Figure 3. Anillin Localization in Control and citron-kinase or α-SNAP RNAi Cells

Cells were fixed and stained with Hoechst 33258 (blue) and antibodies to α-tubulin (red) and Anillin (green). (A) In control cells (no RNAi), Anillin localized to the cleavage furrow during anaphase (left panel), formed rings around the midbody matrix in telophase (center panel; note the gap in tubulin immunoreactivity), and persisted at this location into interphase (right panel). (B) Control cells (no RNAi) showing that Anillin-positive bridges connected pairs of cells throughout much of interphase (arrows). Note that Anillin accumulates in the nucleus as cells progress through interphase [20]. (C) Three days of citron-kinase RNAi. Although Anillin accumulated normally in interphase nuclei, and in telophase bridges (not shown), fewer interphase cells were connected by bridges. In addition, remnants of Anillin rings were rarely seen in binucleate cells after citron-kinase RNAi. (D) Quantification of paired cells in controls and after citron-kinase RNAi. After gentle transfer to conA-coated coverslips, cells were immunostained for Anillin and α-tubulin. Mononucleate cells that were paired (sister cells still connected by an Anillin-positive bridge) or unpaired (cells no longer connected by an Anillin-positive bridge) and binucleate cells were counted in controls (n = 255 pairs) and after 3 days of citron-kinase RNAi (n = 264 pairs). Plot shows the percent of cells in each category. (E) Two days of α-SNAP RNAi. Remnants of Anillin rings persisted in the binucleate cells after cytokinesis failure. These rings often appeared stretched or broken (insets). Note also the pair of cells separated by an Anillin ring (arrow); much of the contents of one sister appear to have been transferred to the other, as seen in the live movies, indicating that the bridge is unsealed. The scale bars represent 3 μm.
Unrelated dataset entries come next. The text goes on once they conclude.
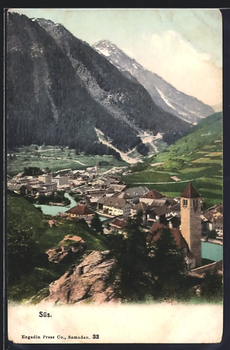 AK Süs, Ortsansicht mit Bergen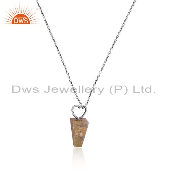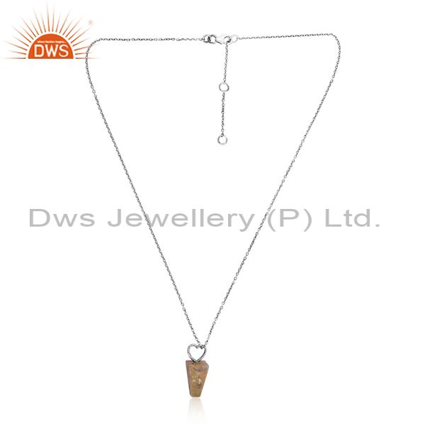 Silver Chain And Pendant With Unakite Pyramid Square Cut Gem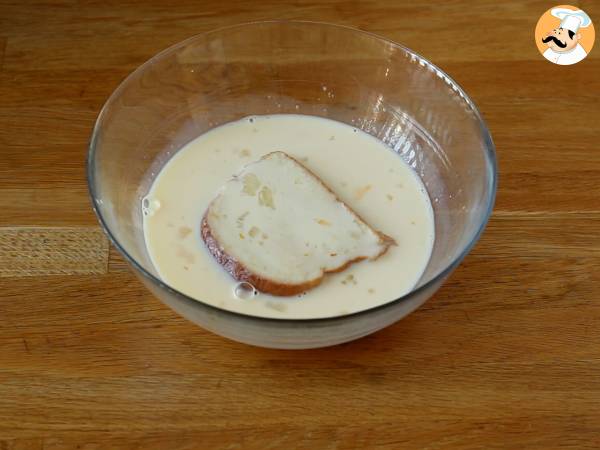 Scufundați feliile de brioșă/pâine în amestecul anterior și lăsați-le la înmuiat. (*vedeți observațiile)

Figure 4. Video Microscopy of the Midbody Marker Pavarotti-GFP at Late Stages of Cytokinesis in Control and anillin or citron-kinase RNAi Cells

(A) A pair of sister cells connected by a bridge where Pav-GFP had concentrated into a compact structure that persisted throughout the 4 hr duration of the movie. Note that in this and subsequent movies, the cells had already completed furrow ingression at the time that the record was started and that the times do not correspond to the time after cytokinesis. (B) Two days of anillin RNAi. Amid rampant membrane blebbing, bundles of Pav-GFP fluorescence coalesced into a compacted midbody structure (00:10:00), although this gradually fragmented into the individual bundles as they decomposed (00:26:00–00:32:00). (C) Three days of citron-kinase RNAi. Bundles of Pav-GFP fluorescence began to split apart (00:18:00) and progressively separate as the plasma membrane rapidly regressed (00:23:00). However, the bundles remained loosely associated with one another and did not stay attached to the regressing membrane (00:27:00). Times are given as (hr:min:s) from the start of each sequence. The scale bar represents 2 μm. See the Supplemental Data for the movie files.